### Supplied records
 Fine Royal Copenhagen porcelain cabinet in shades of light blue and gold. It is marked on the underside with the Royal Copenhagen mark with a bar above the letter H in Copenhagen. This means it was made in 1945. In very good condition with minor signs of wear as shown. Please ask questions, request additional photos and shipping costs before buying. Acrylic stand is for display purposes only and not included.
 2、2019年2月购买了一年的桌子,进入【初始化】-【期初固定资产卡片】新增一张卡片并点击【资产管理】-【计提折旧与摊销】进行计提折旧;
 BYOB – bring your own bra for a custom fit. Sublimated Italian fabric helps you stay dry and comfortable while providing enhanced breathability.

--

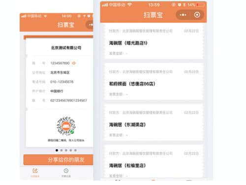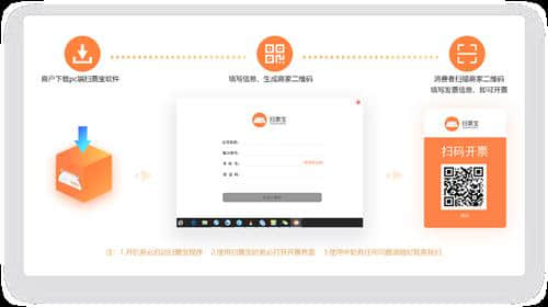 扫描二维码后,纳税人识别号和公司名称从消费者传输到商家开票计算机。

### Problem statement
Could you retype exactly the lines above, starting at the line that contains "2、2019年2月购买了一年" and ending at the line that contains "BYOB – bring", and nothing more?

### Answer for this exercise
 2、2019年2月购买了一年的桌子,进入【初始化】-【期初固定资产卡片】新增一张卡片并点击【资产管理】-【计提折旧与摊销】进行计提折旧;
 BYOB – bring your own bra for a custom fit. Sublimated Italian fabric helps you stay dry and comfortable while providing enhanced breathability.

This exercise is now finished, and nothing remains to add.